Comprehensive measures to improve profitability
On the premise of the aforementioned market developments and the measures initiated, Daimler Trucks & Buses anticipates a return on sales in its current business of 6 percent in 2019, at least 5 percent in 2020 and at least 7 percent in 2022. In addition to the short-term adjustment of production to decreasing demand, especially in Europe and the Unites States, the company has also initiated numerous structural measures to improve profitability in the medium term. One focus is on increasing profitability at Mercedes-Benz Trucks in Europe and Latin America, above all by reducing variable costs by €250 million and personnel costs by €300 million by the end of 2022. In Brazil, the number of vehicle platforms will be reduced significantly while at the same time modernizing the remaining portfolio in order to return to profitability. In Japan, the sales and after-sales organization will be structured more efficiently.
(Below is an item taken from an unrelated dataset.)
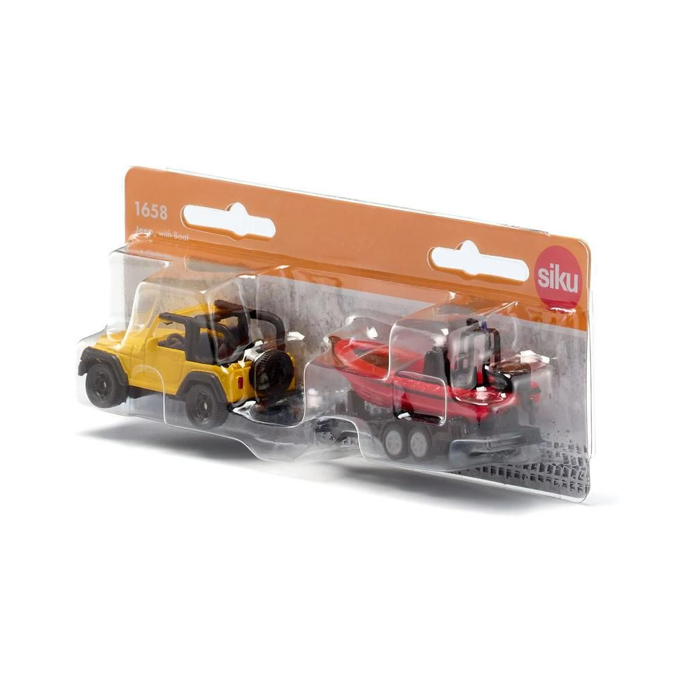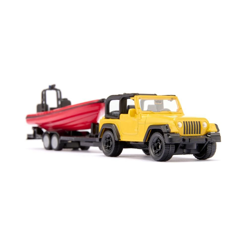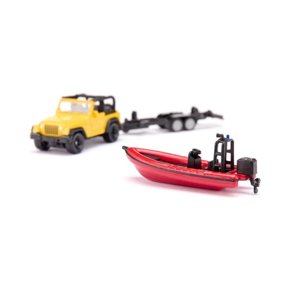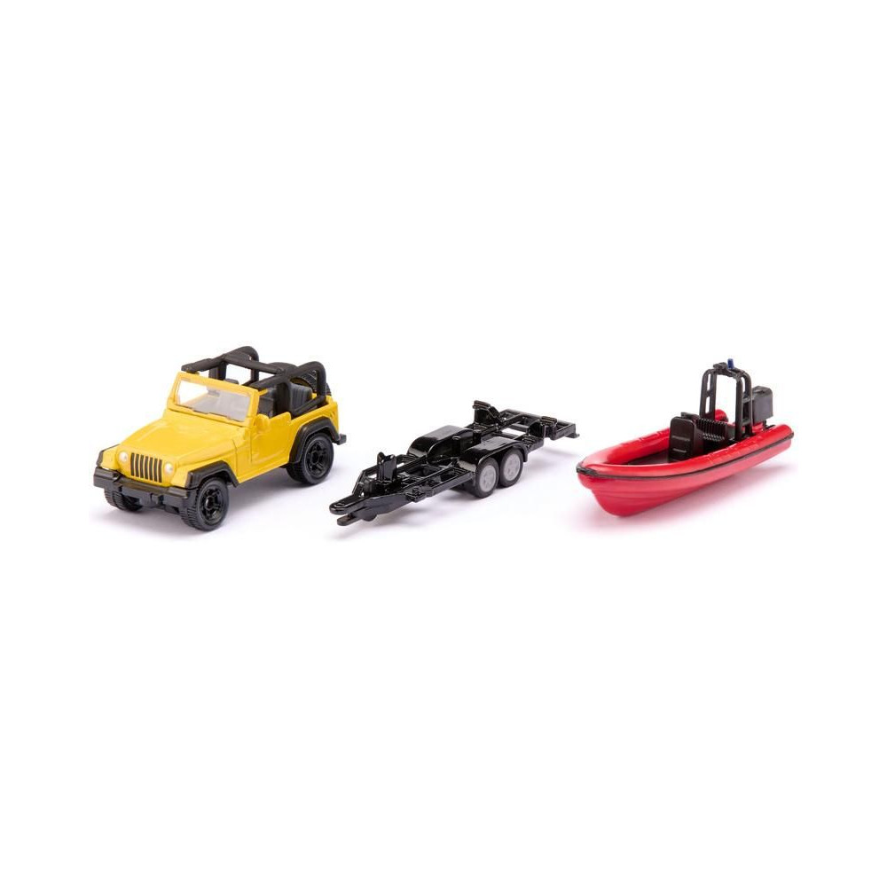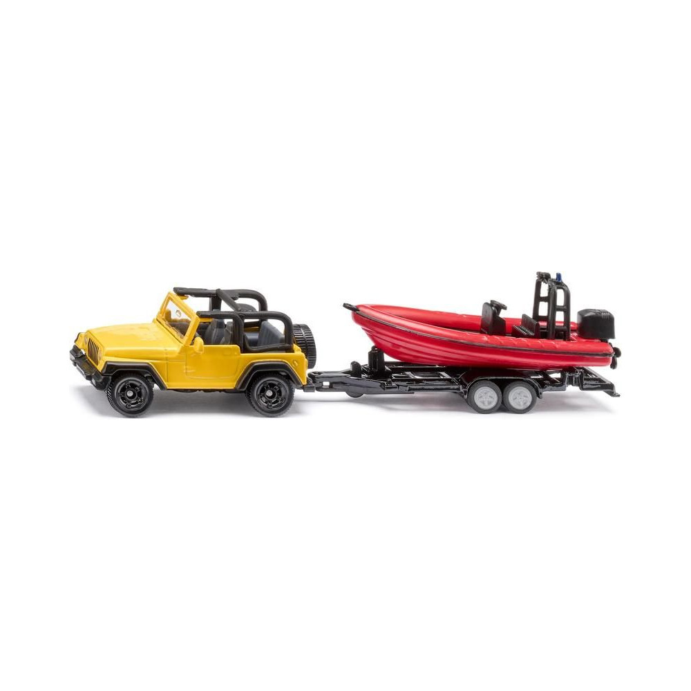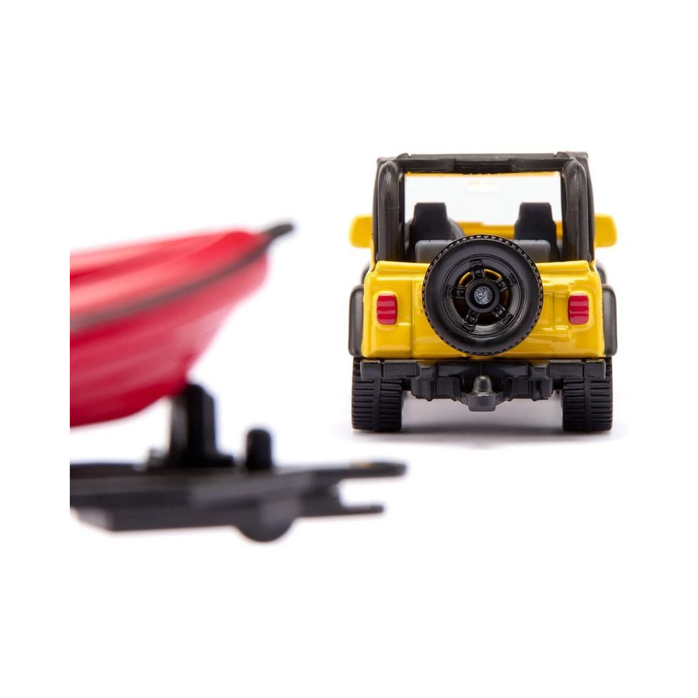Siku Jeep Wrangler terepjáró fém modellje utánfutóval és hajóval, hossza kb. 17 cm, méretarány 1:87. A modell kidolgozott belső térrel rendelkezik, a kéttengelyes utánfutó levehető, a hajó úszik a vízen. Játékra és gyűjtögetésre alkalmas. Minőségi fém és műanyag kidolgozás. Bliszterben csomagolva.

Falling unit sales in the NAFTA region and Europe in late 2019
Daimler Trucks’ important NAFTA and European truck markets returned to a normal level faster than expected in the second half of 2019 after a strong phase that started in 2018. Daimler Trucks actually increased its sales in the NAFTA region by a further 8 percent to approximately 187,400 units in the first eleven months of the year (January to November 2018: 172,700). In the month of November, however, there was a sharp fall in unit sales of 16 percent compared with the same month last year. In Europe, sales from January through November 2019 decreased by 5 percent compared with the same period last year to 72,400 units.
Brazil: unsatisfactory profitability despite growth in unit sales
In Brazil, Daimler Trucks significantly increased its sales of Mercedes-Benz trucks in a recovering market and sold approximately 27,000 trucks, 40 percent more than in the same period of last year (January to November 2018: 19,300). However, profitability at
Mercedes-Benz do Brasil remains unsatisfactory despite the restructuring measures initiated since 2016. The reductions in material and personnel costs initiated by Mercedes-Benz Trucks therefore affects not only the European part of the organization but also the subsidiary Mercedes-Benz do Brasil. In addition, with the launch of the new Actros for the Brazilian market, Mercedes-Benz Trucks will reduce the number of vehicle architectures from eight to three platforms in order to reduce complexity and costs.
Asia: lower unit sales in Indonesia, India and Japan
In Asia, important truck markets for Daimler Trucks such as Indonesia and India contracted significantly last year. With a total of 121,900 units sold from January through November, unit sales fell by 18 percent year-on-year (January to November 2018: 147,900). Sale in Indonesia fell by 40 percent from 57,400 units in January to November 2018 to 34,500 units in the same period of 2019. In India, Daimler Trucks sold 13,200 vehicles of its BharatBenz truck brand in January through November 2019, about 35 percent fewer than in the prior-year period (January to November 2018: 20,500). In the Japanese market, Daimler Trucks was able to sell approximately 38,200 units with its FUSO brand by the end of November 2019, 4 percent below the level of the previous year (January to November 2018: 40,000).